Your tasks, reviewed by your colleagues and the course instructors, are the following:

1.   *Implement a ranked retrieval system*, [1, Chapter 6] which will produce a list of documents from the Cranfield collection in a descending order of relevance to a query from the Cranfield collection. You MUST NOT use relevance judgements from the Cranfield collection in your information retrieval system. Relevance judgements MUST only be used for the evaluation of your information retrieval system.

2.   *Document your code* in accordance with [PEP 257](https://www.python.org/dev/peps/pep-0257/), ideally using [the NumPy style guide](https://numpydoc.readthedocs.io/en/latest/format.html#docstring-standard) as seen in the code from exercises.  
     *Stick to a consistent coding style* in accordance with [PEP 8](https://www.python.org/dev/peps/pep-0008/).

3.   *Reach at least 35% mean average precision* [1, Section 8.4] with your system on the Cranfield collection.

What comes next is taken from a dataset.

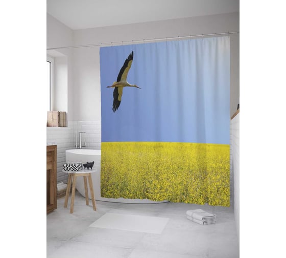Штора (занавеска) для ванной JoyArty "Журавль над полем" из сатена, 180х200 см с крючками, sc_34752
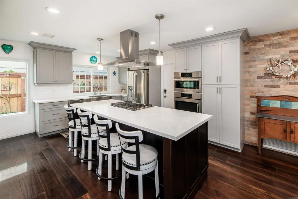 Effortless single-story living with style, soul, and a long list of upgrades—this Rancho Ponderosa gem is the one you’ve been waiting for. Featuring 3 bedrooms, 2 bathrooms, and a thoughtfully designed layout, this home blends warmth and functionality in all the right ways. Step inside to a bright, inviting interior where rich hardwood floors, exposed beams, and a sunken living room create a warm, architectural feel. The fireplace serves as a cozy focal point, perfect for relaxed evenings or entertaining guests. The beautifully remodeled kitchen is a true centerpiece, featuring stainless steel appliances, quality cabinetry, generous prep space, and a large island ideal for gathering, dining, and everyday living. Both the front and backyard showcase lush, well-maintained landscaping, enhanced with thoughtful upgrades including new sod, irrigation improvements, added pavers, and curated drought-conscious plantings. The private backyard offers a peaceful setting for entertaining or unwinding, with no direct rear neighbors—creating an added sense of privacy—complete with a finished shed (installed in 2025 with electrical) that makes an ideal home office, gym, studio, or guest retreat. This home has been meticulously maintained and upgraded throughout. Notable improvements include exterior paint (2023), roof cleaning (2023), upgraded irrigation systems and timers, reinforced and refreshed patio cover with shade screen, added exterior lighting and electrical, new fencing and gates, and extensive drainage and hardscape enhancements. The garage has been fully improved with added storage systems, drywall and paint, updated electrical, and a newer opener (2022). Inside, the home was freshly painted throughout (2022–2023), with solid core doors added to all bedrooms and the hallway bathroom, upgraded window coverings, and enhanced closet organization systems in every bedroom. Additional upgrades include a fire-rated garage entry door, updated bathrooms with new fixtures, cabinetry, GFCI outlets, and a new primary toilet (2024), a beautifully remodeled primary bathroom, as well as ceiling fans with lighting in all bedrooms. Located in a welcoming neighborhood known for its strong sense of community, Rancho Ponderosa offers HOA amenities including community events, parks, playgrounds, sport courts, sidewalks, and maintained easements. The home is also situated within highly sought-after school boundaries, including El Camino Creek Elementary and La Costa Canyon High School. Enjoy close proximity to local parks, shopping, dining, and the beaches of North County. With its extensive upgrades, functional layout, and inviting character, this move-in ready home offers a rare opportunity to enjoy comfort, flexibility, and community in one of the area’s most beloved neighborhoods.

You are encouraged to use techniques for tokenization, [1, Section 2.2] document representation [1, Section 6.4], tolerant retrieval [1, Chapter 3], relevance feedback and query expansion, [1, Chapter 9] and others discussed in the course.

4.   *Upload a link to your Google Colaboratory document to the homework vault in IS MU.* You MAY also include a brief description of your information retrieval system.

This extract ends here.